3. C. Foottit, et al. “Determination of the Venous Output Function from MR Signal Phase: Feasibility for Quantitative DCE-MRI in Human Brain.” Magn Reson Med. 63(3), 772-781 (2010).

4. G.O. Cron, et al. “A comparison of T2*-weighted magnitude and Phase Imaging for Measuring the Arterial Input Function in the Rat Aorta Following Intravenous Injection of Gadolinium Contrast Agent.” Magn Reson Imaging. 23(5), 619-627 (2005).

5. G.J.M. Parker, et al. “Experimentally-derived functional form for a population-averaged high-temporal-resolution arterial input function for dynamic contrast-enhanced MRI.” Magn Reson Med. 56(5), 993-1000 (2006).

Figures

Figure 1. 1/T1 was measured when phantom fluid was static, divided by 1/­T1 when fluid was flowing for two trials. This ratio indicates the effect of flow on MOLLI measurements. When the ratio is close to one, flow effect is negligible. Blue indicates results for MOLLI-Brain (∆TI=750 ms); green shows results for MOLLI-Blood (∆TI=175 ms). Darker bars indicate pre-DCE, where [Gd] was small but non-zero. Lighter bars are for post-DCE (18 minutes after Gd injection). The pre-DCE and post-DCE ratios differed for all acquisitions but was closer to one for MOLLI-Brain. The ratio was nearly unity for all post-DCE. (***P<0.0001)
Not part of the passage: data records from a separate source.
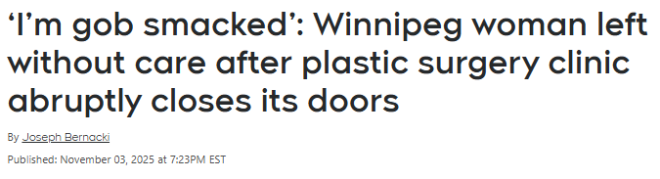 “我整个人都懵了。”温尼伯Transcona女子Deirdre Demeule最近接到一个电话,让她彻底傻眼——她常去的整形诊所Ziesmann Cosmetics,突然永久关门了。
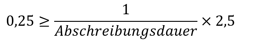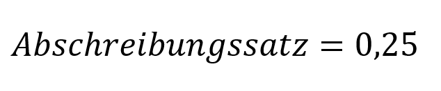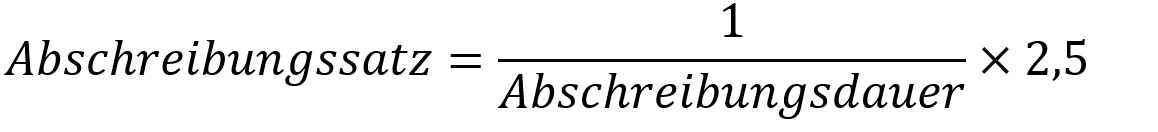 Der Abschreibungssatz in der degressiven Abschreibung beträgt das 2,5fache der linearen Abschreibung, darf aber nicht mehr als 25 % betragen.
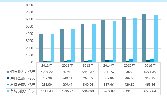 2016年我国配电开关控制设备行业销售收入6721.35亿元,进口金额为318.15亿元,出口金额461.86亿元,市场规模6577.64亿元。
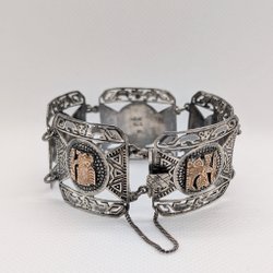 Peru Vintage Armband i Silver och 18K Guld med Inka Motiv
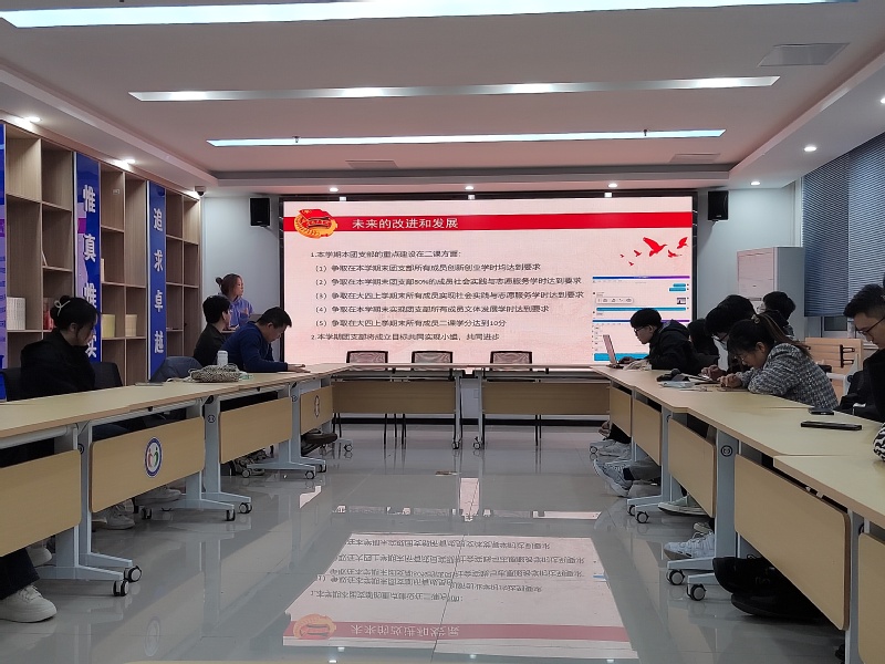 会议伊始,各团支部书记依次上台,详细汇报了本年度各自团支部的工作开展情况,着重分析了第二课堂建设的具体状况,并展示了在第二课堂工作中的突出成果和创新点,同时也指出了存在的问题与不足,并明确了下一步的改进方向。汇报内容详实而具体,充分展现了各团支部在日常工作中的积极创新与不懈努力,同时也体现了同学们在参与活动过程中的成长与进步。

Figure 2. [Gd] values obtained from MOLLI T1 measurements and relaxivity values from three different calibrations: using the MOLLI-Blood protocol (optimized for high [Gd]), the MOLLI-Brain protocol (optimized for low [Gd]) and a combination of the two. The MOLLI-Combination calibration provides results that are insensitive to flow. (**P<0.01, ***P<0.0001)

Figure 3. Excellent correlation (r2 = 0.9899, P < 0.0001) is observed for [Gd] values obtained from MOLLI and EPI-IR (gold-standard) T1 measurements in static phantom experiments over a wide range of [Gd]. This validates the use of MOLLI as a fast and accurate method for computing [Gd].

Figure 4. Average of seven AIF curves computed from Phase-only (blue) and Phase+MOLLI methods (pink) overlaid with the gold-standard EPI-IR AIFw. A significant difference (P = 0.024) between AIFw values was observed between Phase-only and Phase+MOLLI.